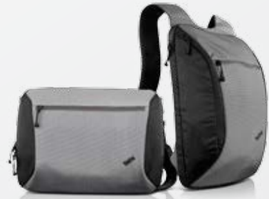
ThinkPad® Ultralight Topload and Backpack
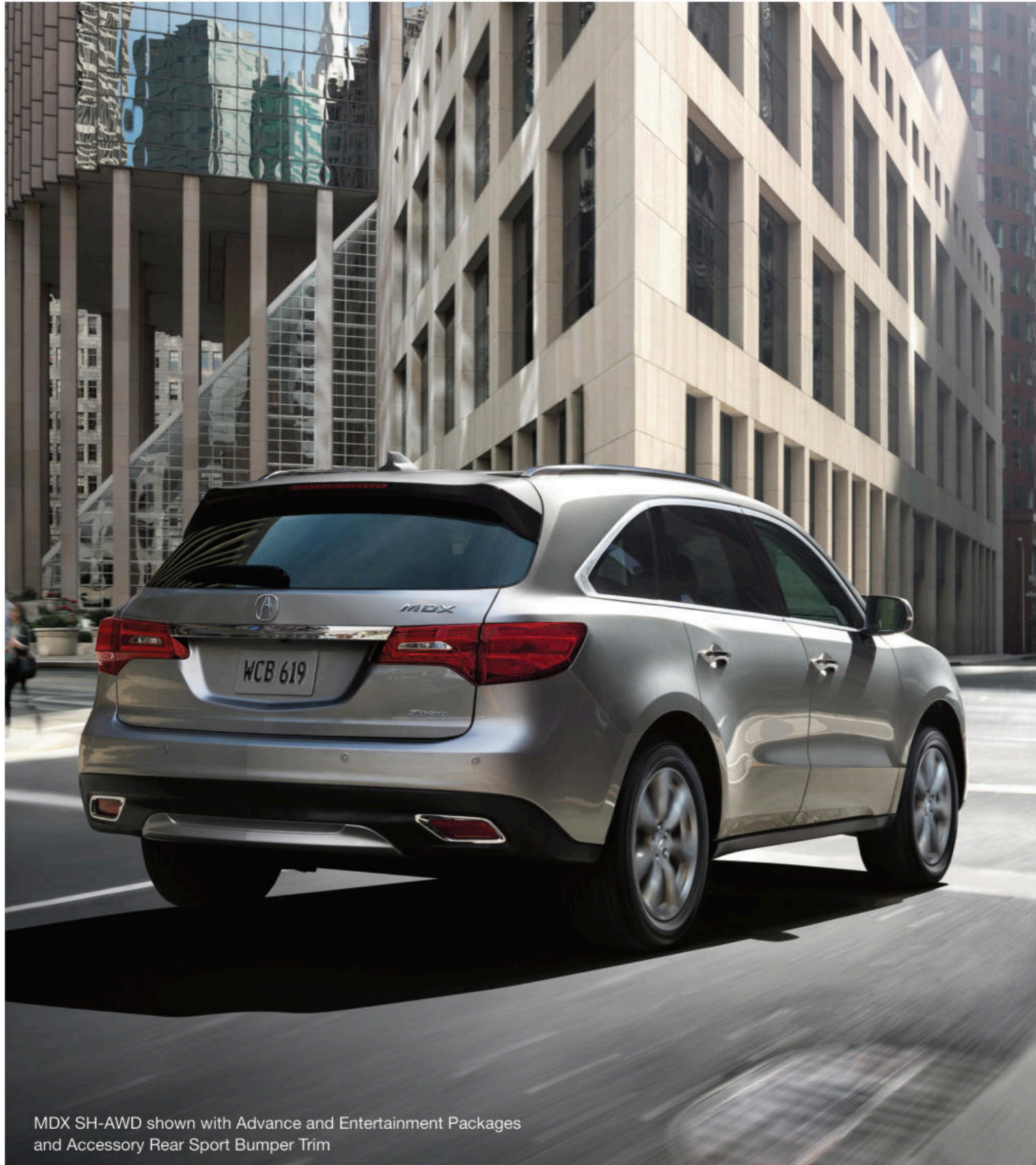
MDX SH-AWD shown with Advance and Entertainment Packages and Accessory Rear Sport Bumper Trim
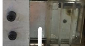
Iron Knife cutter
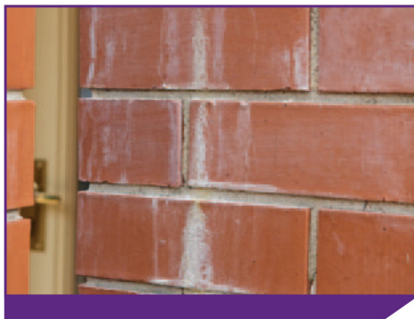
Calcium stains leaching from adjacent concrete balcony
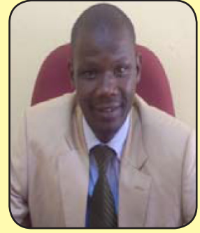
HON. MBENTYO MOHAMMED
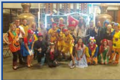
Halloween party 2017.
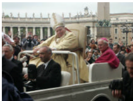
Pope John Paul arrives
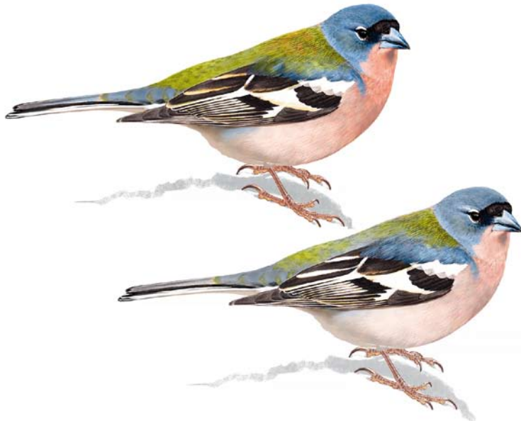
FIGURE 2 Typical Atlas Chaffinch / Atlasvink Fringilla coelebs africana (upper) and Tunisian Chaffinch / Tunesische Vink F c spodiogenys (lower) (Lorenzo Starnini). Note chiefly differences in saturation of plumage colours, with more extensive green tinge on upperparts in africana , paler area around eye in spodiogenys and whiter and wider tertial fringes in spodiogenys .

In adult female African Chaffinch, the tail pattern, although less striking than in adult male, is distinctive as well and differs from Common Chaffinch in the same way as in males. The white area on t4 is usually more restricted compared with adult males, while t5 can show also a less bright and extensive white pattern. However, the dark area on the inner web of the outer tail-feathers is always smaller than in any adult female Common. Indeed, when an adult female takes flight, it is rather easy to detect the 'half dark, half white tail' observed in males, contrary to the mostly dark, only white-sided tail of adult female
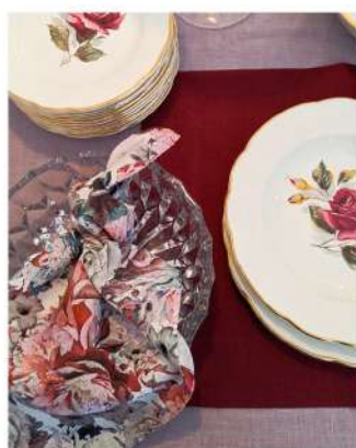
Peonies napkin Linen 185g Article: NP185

────

> _About this task_: Beginning with the line that holds "Calcium stains leaching", output each line to the end of the material above, exactly, omitting the pictures.

> _Response area_:
Calcium stains leaching from adjacent concrete balcony
HON. MBENTYO MOHAMMED
Halloween party 2017.
Pope John Paul arrives
FIGURE 2 Typical Atlas Chaffinch / Atlasvink Fringilla coelebs africana (upper) and Tunisian Chaffinch / Tunesische Vink F c spodiogenys (lower) (Lorenzo Starnini). Note chiefly differences in saturation of plumage colours, with more extensive green tinge on upperparts in africana , paler area around eye in spodiogenys and whiter and wider tertial fringes in spodiogenys .

In adult female African Chaffinch, the tail pattern, although less striking than in adult male, is distinctive as well and differs from Common Chaffinch in the same way as in males. The white area on t4 is usually more restricted compared with adult males, while t5 can show also a less bright and extensive white pattern. However, the dark area on the inner web of the outer tail-feathers is always smaller than in any adult female Common. Indeed, when an adult female takes flight, it is rather easy to detect the 'half dark, half white tail' observed in males, contrary to the mostly dark, only white-sided tail of adult female
Peonies napkin Linen 185g Article: NP185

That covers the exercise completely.